I do agree. UCA is first built to produce legible and consistent ordering for
various kinds of readers, both experts or simple users that can only read one
language or one script. We can interleave some variants that have an obvious
relation with other wellknown characters (accented letters are good examples,
even if some may wonder why there are thorn lettern between T and U; these
letters being more rare even in the languages that use them, this inreleaving of
variants does not make the ordering completely unreadable).

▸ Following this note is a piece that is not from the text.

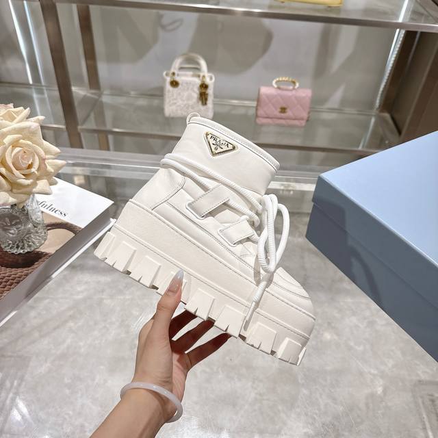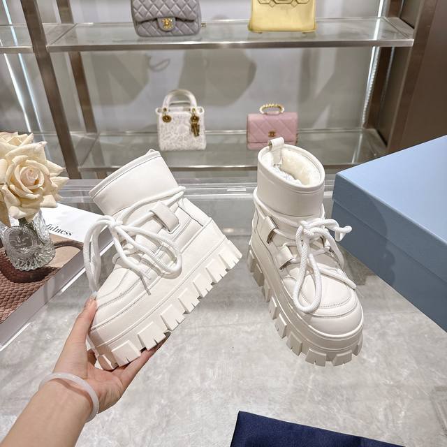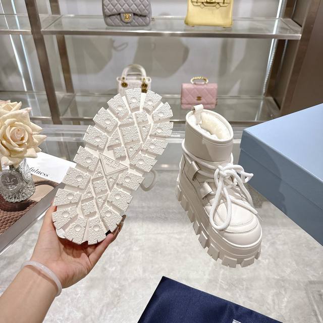 / 出厂价pp 2025最新prada普拉达:新奇别致的柔软牛皮面,纯羊毛里,独特的设计的风格,为此款复古风雪地靴注入心裁别出的设计巧思 4.5厘米橡胶鞋底 涂珐琅

For search purposes, what some want is not really a collation order but
equivalence relations. This belongs to the same need as case folding, or case
insensitive searches.
I see no opposition in adding new types of string folding, for those that would
like to "fold" (in fact transliterate) Phenician to Hebrew (the reverse being
hard to implement consistently due to the various sets of Hebrew diacritics), or
to Greek. There can even exist some standard guideline to implement such folding
or transliteration (for the same reason that there does exist standard folding
rules for case in Latin/Greek/Cyrillic or for Katagana-to-Hiragana in Japanese).
Such folding belongs to the same area, with the same caveats (in terms of text
interpretation), as custom normalizations or compatibility normalizations
performed on unknown input text: a linguistic semantic is lost.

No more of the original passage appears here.